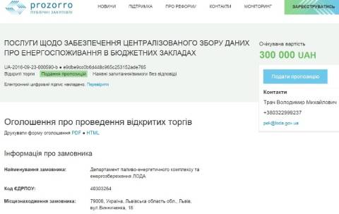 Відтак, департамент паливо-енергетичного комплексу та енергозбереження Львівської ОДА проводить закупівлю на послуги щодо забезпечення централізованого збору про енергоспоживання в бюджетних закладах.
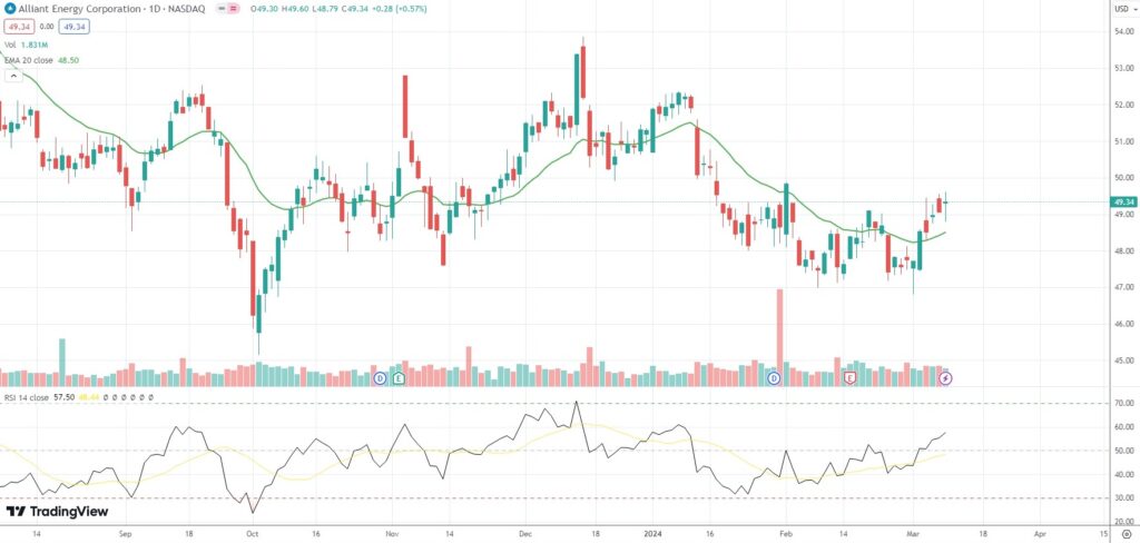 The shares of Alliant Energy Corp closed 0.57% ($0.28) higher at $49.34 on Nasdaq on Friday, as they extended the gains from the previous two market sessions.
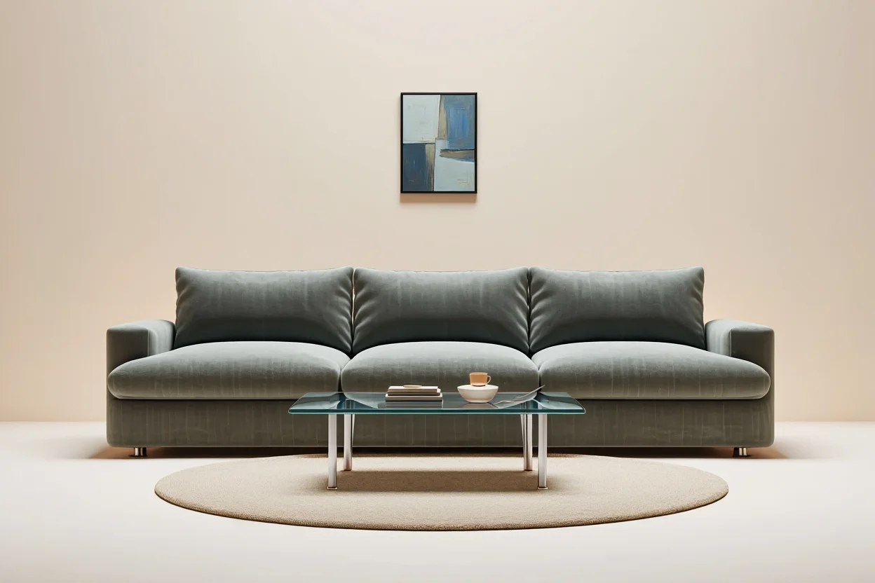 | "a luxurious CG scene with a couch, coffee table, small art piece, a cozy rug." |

_Work to be completed_: Copy the whole of the material above exactly, and exclude every picture.

_Solution for this task_:
 Відтак, департамент паливо-енергетичного комплексу та енергозбереження Львівської ОДА проводить закупівлю на послуги щодо забезпечення централізованого збору про енергоспоживання в бюджетних закладах.
 The shares of Alliant Energy Corp closed 0.57% ($0.28) higher at $49.34 on Nasdaq on Friday, as they extended the gains from the previous two market sessions.
 | "a luxurious CG scene with a couch, coffee table, small art piece, a cozy rug." |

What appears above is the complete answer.